トップページ - 糖尿病臨床現場で行う“ロカボ”のすすめ - 5. 食を楽しみながら健康になろう〜社会全体で支える健康づくり
特別インタビュー
糖尿病臨床現場で行う“ロカボ”のすすめ

北里大学北里研究所病院 糖尿病センター長
山田 悟 先生

5. 食を楽しみながら健康になろう
〜社会全体で支える健康づくり

(2017年03月 公開)

糖質制限は一般生活者のダイエット方法としても注目されています。流行りのダイエットといえば、小麦粉を使わないグルテンフリーなども流行しているようですね。

Dr. 山田:グルテンフリーはもともと、グルテンアレルギーをもつセリアック病患者向けの治療の1つだったんです。恐らくプロテニスプレーヤーのジョコビッチがセリアック病の気があって、グルテンフリーにしたら体調がよくなったというストーリーから、グルテンフリーにすると身体にいいらしいという話になり、欧米の場合、小麦粉をやめたら糖質制限もできるのでそのまま減量になった。そしてグルテンフリーはダイエットだという話になって日本に上陸した。でも日本はもともとお米が主食なので、グルテンフリーにするだけじゃあまり変わらなかった。

お米自体を糖質制限米のような形に変えることはできないんですか。近年、低GIが特徴の高アミロース米なども開発されているようですが。

Dr. 山田:食べても血糖値が上がりにくい、そして美味しいというようなお米の開発も大切ですよね。そういうことを考えてくださっているメーカーさんも現れていて、改良を重ねているようです。やっぱり諦めるんじゃなくて、いかに工夫して食べるかが大切ですよね。

先生がすごいのは、理解者を増やすだけでなく、商品化を促し、市場開拓を行っているところです。多くの人が低糖質にふれられるチャンスを作っておられる。皆が手軽に、健康づくりができるインフラ作りですね。

Dr. 山田:レストランから始まり、食品メーカーさんと商品開発を検討し、その商品がコンビニやスーパーさんの流通で広がり、ノウハウの応用が社食にも広がっています。朝コンビニでちょっと買って食べて、昼は社食、夜はレストランで、、となっても外で全部何とかなる世界です。

糖尿病は治療中断する人や、病院へ行きにくいという人も多くいて問題になっています。それでも、ふだんの生活の中で選択肢さえあれば、それなりにやっていけるようにしていきたいのです。

糖尿病の療養生活は病院ではなく、患者さん個々の実生活が舞台になるわけですし、簡便に商品やサービスを活用することができれば、成功率が上がりますね。最近は便利なIT技術も出てきましたし。

Dr. 山田:そうですね、それでも糖尿病の世界では、Face to Faceが大事だと思っています。いくら医療技術が発達しても、表情とか声色、目線のポジションなどから読み取れる情報があります。診療現場はそこがとても大事。

糖尿病患者さんは、基本的に頑張っている人が多いはずなんです。医者にかかろうとするだけでも、努力をしているわけです。例えば、患者さんには2パターンいます。いろいろと我慢して辛いと思っていても、HbA1cが下がることを喜びにしてがんばれている人と、食生活を楽しみながら療養生活を送れている人(もう1つ食事に対して何もやっていない人というのもありますが)。

うまくいっている人はその2パターン。
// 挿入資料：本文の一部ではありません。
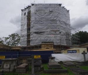 Back view of the chapel swathed in plastic – the East and West wings can be seen flanking it on either side.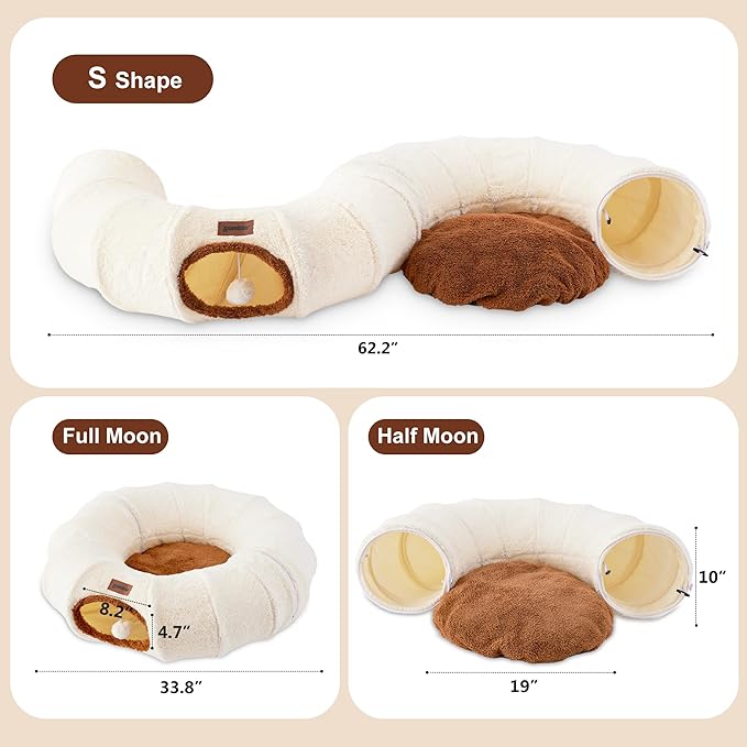 - Interactive Fun: The tunnel can be different combos like a full moon, S-shape or half moon to accommodate your pet's play needs. The included two interactive toy balls are the perfect setup for multi-cat play, ensuring endless fun and engagement.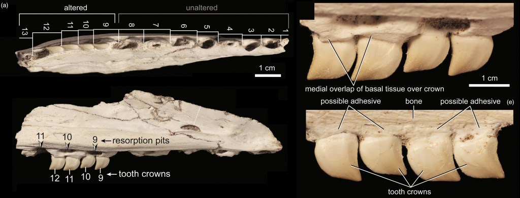 Sharpe et ses collègues avancent que les dents de MHNM.KH.331 ont été artificiellement attachées au maxillaire. En effet, les quatre dents sont présentes sur deux positions dentaires naturelles du maxillaire. De plus, une surface d’aspect légèrement différent sépare les dents du maxillaire en vue latérale, indiquant qu’il pourrait s’agir d’un matériau adhésif. L’attache artificielle des dents de MHNM.KH.331 serait donc responsable de leur orientation oblique et de leur nature resserrée.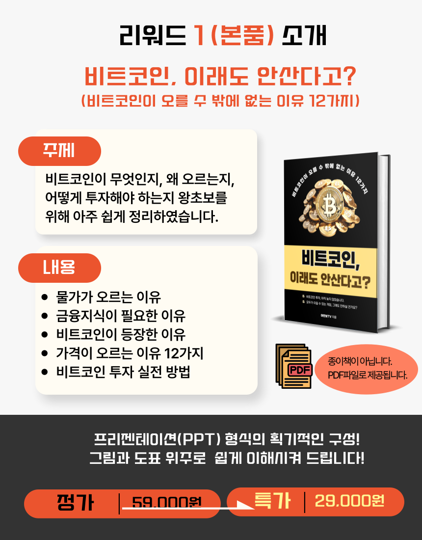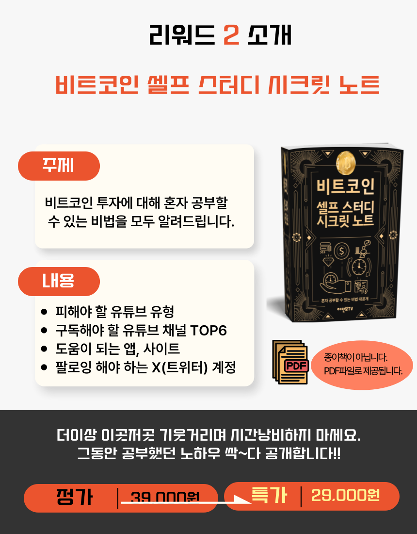 첫번째 책의 내용을 대폭 보강한 본품(비트코인, 이래도 안 산다고?)과, 실제로 투자를 시작한 이후 스스로 공부할 수 있는 요령을 정리한 비밀노트(비트코인 셀프 스터디 시크릿 노트), 총 2종을 세트로 구성하였습니다.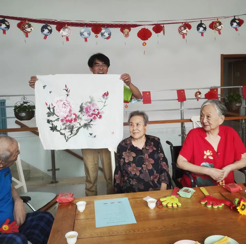 活动中院里的奶奶展示并送给院内自己的国画,赢得阵阵掌声。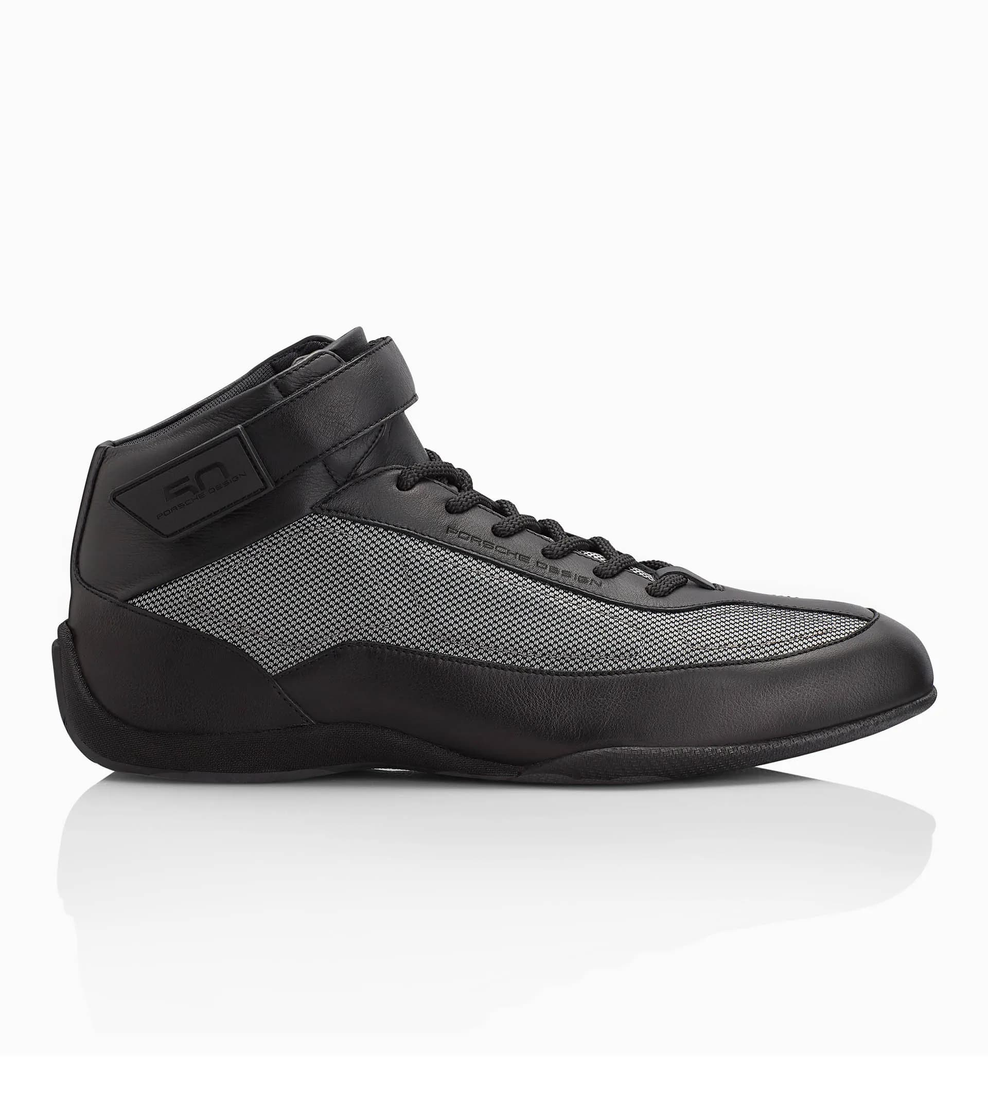 Sapatilhas de designer para homem da coleção limitada 50Y Porsche Design Collection. O calçado desportivo exclusivo em malha e couro com estilo do desporto motorizado é fabricado em Itália.

そして、HbA1cが下がって喜んではいるけど、実は食生活を楽しめていないという人は、どこかでリバウンドする確率が高いんですね。そういう人には何で辛いのかを聞き出し、そこに解決策を早く打つ必要があります。食べたいものとかないですか?何かお悩みはないですか?と質問をしたとき、表情が曇ったりしないか、変化を見逃さないようにしてあげてください。将来的に遠隔医療とか、アプリで管理するとか、いろいろなIT技術が出てくるかもしれませんが、診療が大事なのはそういうところなのです。

食事指導についても、コミュニケーションがキーワードになっていましたが、“ロカボ”は社会を変え、糖尿病の療養指導を大きく変えるきっかけになる力を感じました。 山田先生、ありがとうございました。